Sure try it. But my experience with such triplet lenses is wide open a bit too soft and a bit too little contrast. I'd still close down a stop or two. But experimentation could be fun of course.
the red windows on back are frame counting, obviously. YOu use the one nearest the end of the camera with thekey that winds the film for shooting. If you have/are using the insert for the camera that converts it to 4 by 6 (half frame, 16 shots per roll instead of 8) then you use the lower window first.
Some of us just cover up the unused window with back tape to avoid confusion.
I've learned so much about how to use this old camera lately that I made a video to document it. That is supposed to help me to remember after I use other cameras and come back to this one again.
uncocking without losing an image will not work at least in my Bessa I since there is a double-exposure-prevention-technique built in. Shooting only when film is transported. see arrow near shutter-release-button.
my Bessa I has Vaskar 105/4.5 Prontor -S with 1/250 quickest and X-synch only. SV has also M-synch.
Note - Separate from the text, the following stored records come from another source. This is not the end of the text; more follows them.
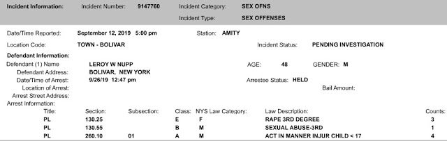A Bolivar man is in jail on $50,000 cash bail – accused of several sexually-related crimes. State Police Thursday afternoon arrested 48-year-old LeRoy W. Nupp. He was charged with three felony counts of third-degree rape as well as four lesser counts of child endangerment and a single count of sexual abuse. The alleged crimes occurred in the Town of Bolivar and were reported September 12th. State Police Investigator Cyle Pomeroy said “the charges come following a lengthy investigation which revealed that Nupp had been involved in a sexual relationship with a child less than 17 years old.” Nupp was arraigned in Bolivar court and remanded to the Allegany County Jail. Bail was set at $50,000 cash or $100,000 bond. Further court action is pending.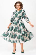 Платье прямого свободного силуэта длиной макси. Рукав летучая мышь с притачным манжетом. Воротник- объемный хомут. Перед состоит из пяти частей : правой верхней части переда, левой верхней части переда, центральной части переда, нижней части переда и отлетной фигурной  детали нижней части переда. На нижней части переда, по левой стороне накладной карман и карманы в боковых швах. Спинка состоит из трех частей: левой правой части спинки, правой верхней части спинки, нижних частей спинки с заходом одна на одну по центру низа. В комплект к платью ремень не идёт.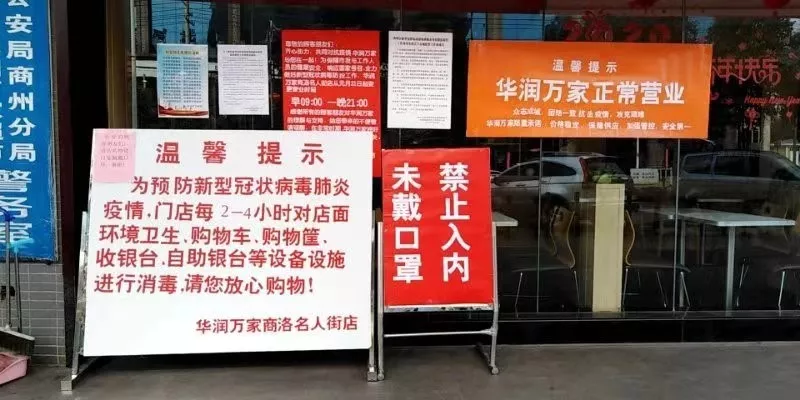 華潤(rùn)萬(wàn)家在超市大門(mén)口設(shè)置防疫提示牌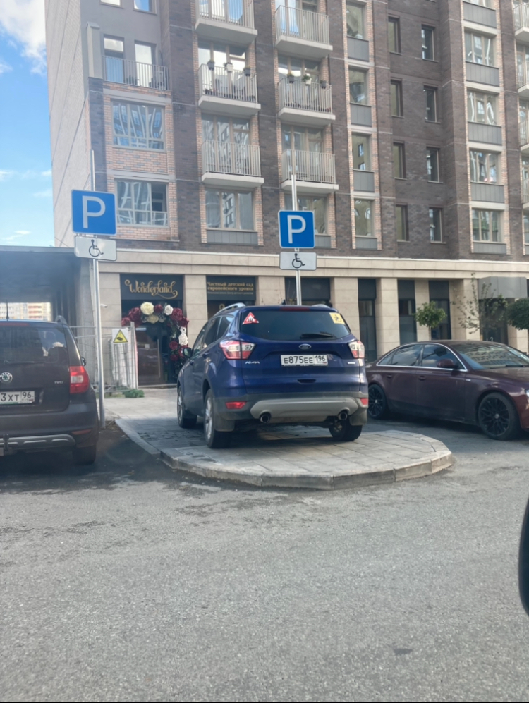 02.08.2024г. 18:05 г. Екатеринбург, ул. Циолковского 3. Комбо: 1. Стоянка на тротуаре 2. Использование знака «Инвалид» на транспортном средстве, не используемым инвалидом или перевозящим инвалида.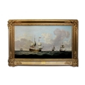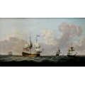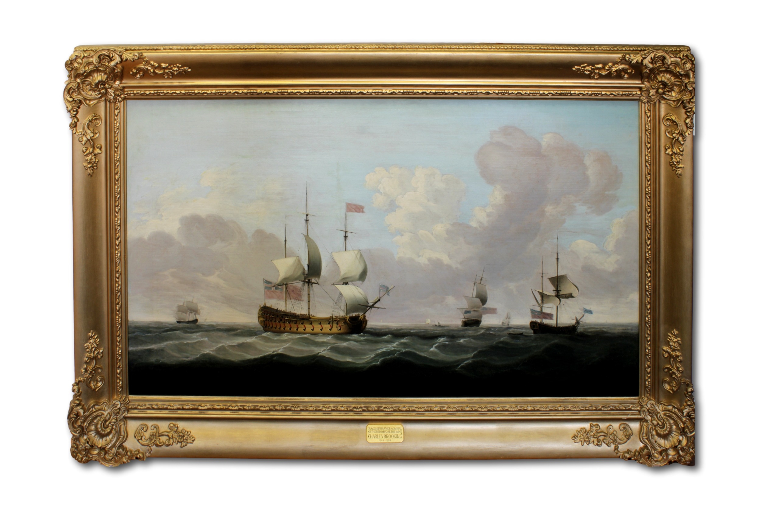 Circle of Charles Brooking (British, 1723-1759), A Flagship wearing a flag of the Vice Admiral of the Red, before the windOil on canvas, 70cm x 125cm* This painting was originally one of a pair, owned by the financier Harold Fortington, who leased the island of Jethou between 1934 and 1949, taking over the lease from the author Sir Compton MacKenzie. It is believed that some of the contents were acquired with the property. The house on Jethou was commandeered by the German occupying forces during the Second World War and used as an officer's club, until fuel shortages made this impractical, at which time some of the contents were moved to Guernsey. The pair to this picture, subject unknown, is believed to have been seized by the German occupiers during this period. After liberation, some of these contents were moved back to the island by the Fortington's daughter, the late Mrs Nadia Moulton-Barrett.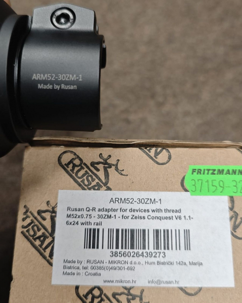 Rusan QR-Adapter für Wärmebildgeräte mit M52x0,75 Gewinde und Gläser mit 30 mm Objektivdurchmesser (Außen) und Zeiss-Schiene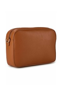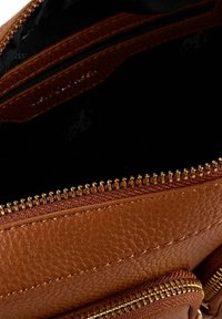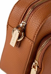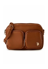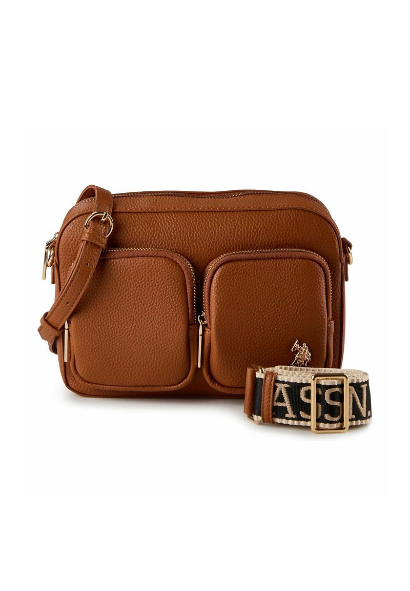 Bolso bandolera de cuero marrón texturizado con dos bolsillos frontales con cremallera y correa ajustable de lona beige y negra desmontable.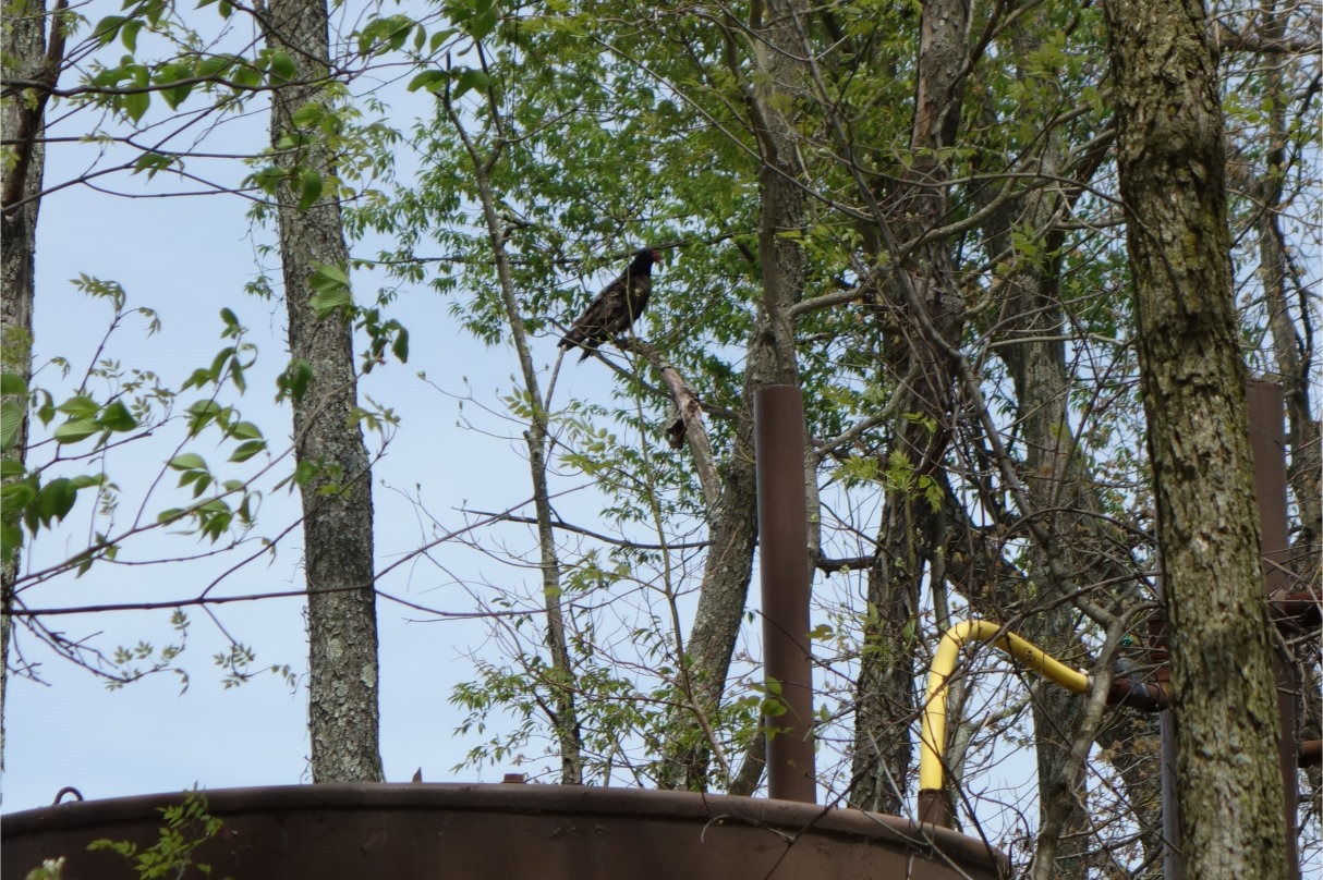 One stop I made resulted in this not very good picture. I turned the corner on a back-country road and came across a whole flock of turkey vultures around an oil tank. Before I could get my camera up, they had taken off, as they are wont to do, but one inquisitive fellow stayed just a couple of seconds longer than the others to give me a look. I took a quick handheld shot here but he took off before I could put the camera on its vehicle mount. I’ve been able to take some better turkey vulture pictures in later excursions.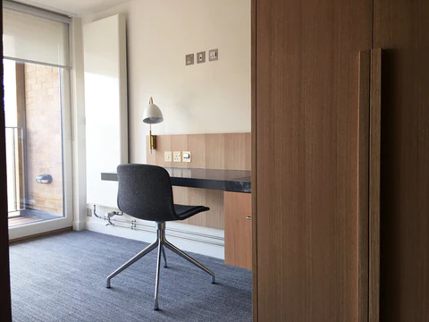 The interior gives a nod to the mid-century, and has been carefully designed to accommodate all the amenities of a 3 - 4 * hotel. It includes floating desks and custom designed wall-to-wall joinery in natural oak, grey mirror and grey marble. Buttoned brown leather headboards look sleek and add comfort along with Scandinavian furniture and lighting and bespoke textiles by British designer Eleanor Pritchard. The neutral palette of browns and greys are punctuated with pops of bright colours. Eve worked closely with the College archivist to select historic, and also whimsical black and white photographs from the archive to have enlarged and framed.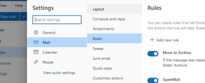 There are two types of Inbox rules that can be configured in Outlook: client-side nd server-side rules.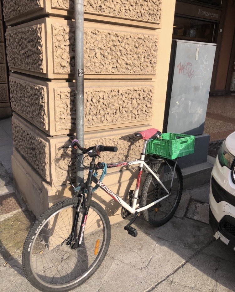Vecchia mountain bike decathlon con appoggio per cestino applicato davanti. Dietro cassettina della frutta verde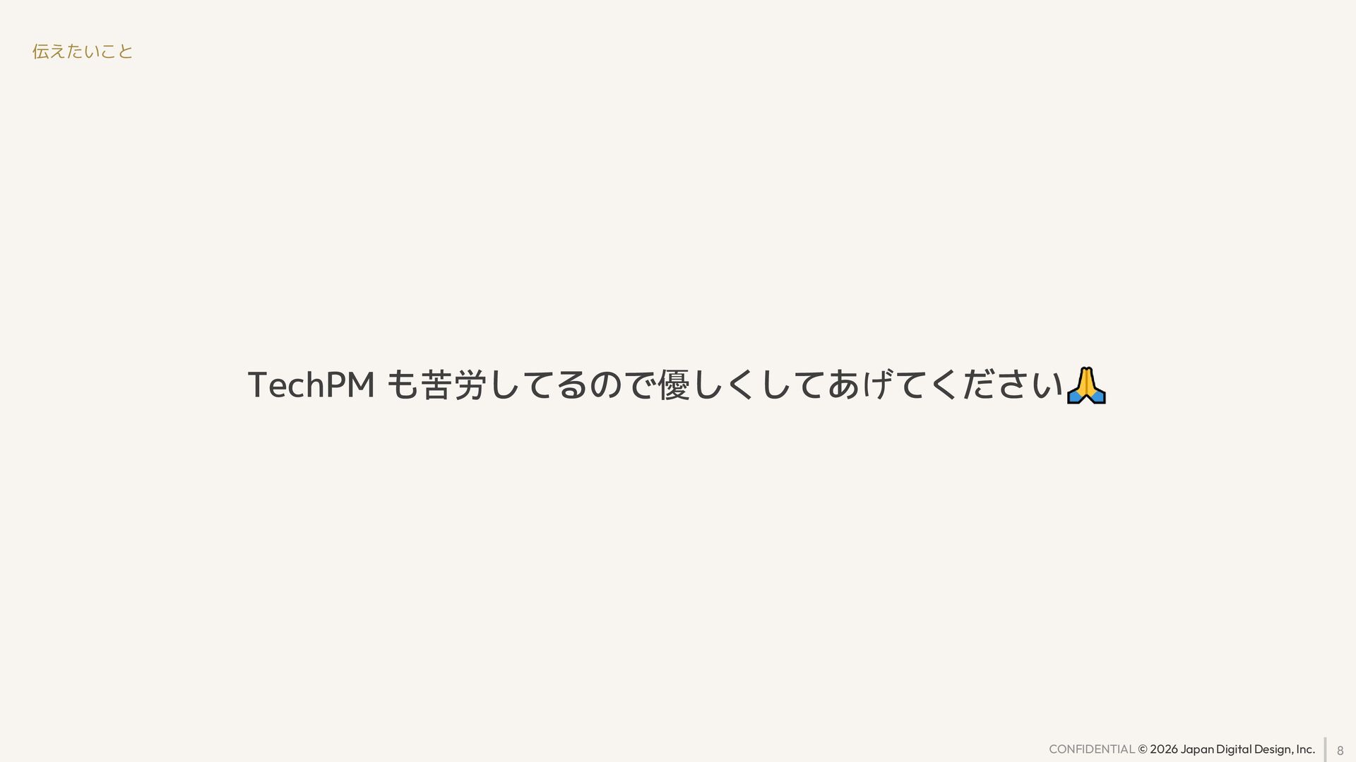 8 CONFIDENTIAL © 2026 Japan Digital Design, Inc. TechPM も苦労してるので優しくしてあげてください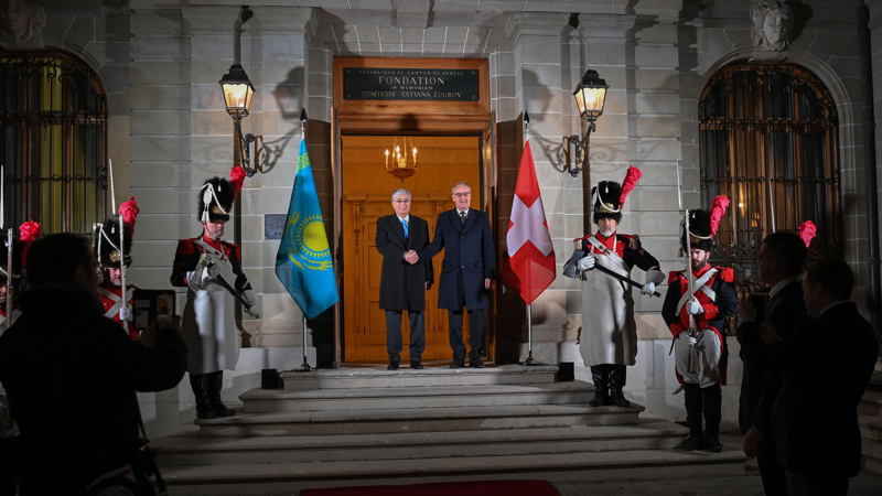 Переговорам на высшем уровне предшествовала официальная церемония встречи на площади Кафедрального собора святого Петра в Женеве, передает Акорда.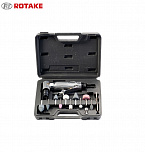 RT-1207K Угловая зачистная машинка пневматическая c набором головок с цанговым зажимом 6 мм. Скорость вращения 20 000 об/мин. Для зачистки резины перед вулканизацией, удаления заусенцев, гравировка и маркировка мелких деталей. Вес -0,58 кг.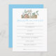 Boho Game Advice New Mum Dad Blue Boy Baby Shower. A budget friendly paper smaller 4.5” x 5.6” paper alternative. Envelopes are an optional extra. A fun game for your baby shower, ask your guests to fill in the spaces to answer the questions. A boho style illustration of shelf with plants and baby toys is at the top and stylish informal set script for header in blue and a coordinating blue background on the other side. You can easily personalise the rest of the text to your own requirements and change the background colours if you wish via the customise further option.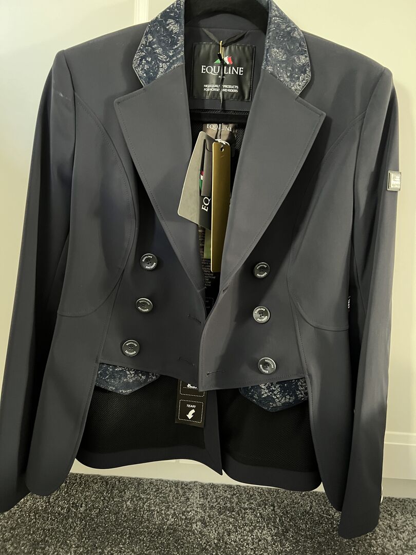 Neuer wunderschöner Blauer Kurzfrack mit Silberdetails. Noch nie getragen mit Original Etikett NP lag bei 550 Euro. Wegen Turnieraufgabe zu verkaufen.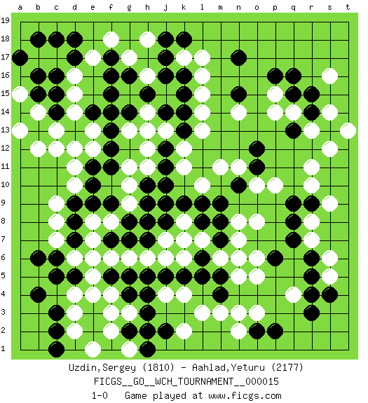 Last move : 1-0 2017 July 27 22:45:46 [Event "FICGS__GO__WCH_TOURNAMENT__000015"] [Site "FICGS"] [Date "2016.11.04"] [Round "1"] [Black "Uzdin,Sergey"] [White "Aahlad,Yeturu"] [Result "1-0"] [Rating 1 "1810"] [Rating 2 "2177"] 1.q16 q4 2.d17 d4 3.c15 k17 4.n17 g17 5.r6 o3 6.s4 r7 7.q7 r8 8.q8 s6 9.r5 r10 10.q9 r11 11.r3 l3 12.c6 f4 13.b4 c7 14.d7 c8 15.c3 d6 16.b6 c13 17.h4 g6 18.j5 j7 19.l5 o6 20.m4 n3 21.m7 o8 22.p6 o5 23.m9 n8 24.m8 s5 25.r4 o10 26.p2 m11 27.j9 h8 28.h9 g9 29.d8 c9 30.d9 d10 31.f9 g10 32.e10 d11 33.e11 e12 34.f11 h11 35.f12 k4 36.k5 g3 37.h3 e6 38.f14 e13 39.f13 d15 40.f16 d16 41.f17 k8 42.k9 m6 43.l6 l7 44.n6 n7 45.m5 k11 46.g2 f2 47.j2 g15 48.f15 k2 49.g4 f3 50.f7 f8 51.g7 e7 52.g8 e8 53.h7 h6 54.j8 f6 55.h8 j6 56.e9 g1 57.h1 h2 58.n10 n11 59.g2 d3 60.o11 p10 61.o12 l10 62.l9 j13 63.j12 h12 64.h10 g11 65.j11 k12 66.j10 h14 67.k13 l13 68.k14 l14 69.k15 l15 70.f1 d2 71.c2 e1 72.g5 n5 73.f5 e5 74.c5 g1 75.h15 j15 76.k16 l16 77.h13 g13 78.j16 h16 79.j17 f18 80.k18 h18 81.j14 h13 82.h15 l17 83.j18 m6 84.g14 j15 85.g16 n6 86.c16 p15 87.q15 p14 88.p16 q14 89.n15 n14 90.b13 b14 91.c14 b12 92.d13 c12 93.b15 d14 94.r9 e17 95.d18 c17 96.c18 b17 97.b18 a13 98.a17 a15 99.b16 s9 100.r14 r13 101.e14 d12 102.o2 n2 103.s13 s14 104.r15 s12 105.q13 t13 106.k7 k6 107.d5 e4 108.h15 s16 109.h2 j4 110.h5 m3 111.l8 k7 112.c1 1-0 Here are the names of the openings (joseki) played in the four corners : Corner q4 : q4 r6 Hoshi (Hwajeom, Seongjeom, Xingwei`) 4-4 Point. The star or hoshi (4-4) point, emphasizing influence at the potential expense of territory. Ikken Kakari (Hankan Keolch'im, Yi Gua`jiao~, 1-Space Low Approach). Black 2 is the standard approach move to the 4-4. Corner d4 : d4 c6 Hoshi (Hwajeom, Seongjeom, Xingwei`) 4-4 Point. The star or hoshi (4-4) point, emphasizing influence at the potential expense of territory. Ikken Kakari (Hankan Keolch'im, Yi Gua`jiao~, 1-Space Low Approach). Black 2 is the standard approach move to the 4-4. Player Black won this Go (weiqi, baduk) game. Follow this game move after move (download)The simplest move is the best move. (Anonymous) Without deviation from the norm, progress is not possible. (Frank Zappa)

Sorry for omitting quoting someone above.
With the 400+ film I bought for gray days the sun has been shining brightly ever since and I didn't want to wait so it was tested at the absolute extreme of f22 & 1/400.
Going to that "absolute extreme" 1/400 f/22 would be required only for snow scenes.
Normal exposure for sunny weather and 400 speed film is 1/400 f/16 or any other equivalent combination.
With negative (color or bw) film, your image quality has more to lose from 1 stop under exposure than one stop over.
Even with the basic method of average metering, a sunny weather scene often meters at (for 400 speed film) 1/400 f/11 (or 1/200 f/16, or...), because: (a) some parts are open shadow; (b) trees, grass, etc, are darker than the "standard middle gray" (whatever that is, please do not open that can).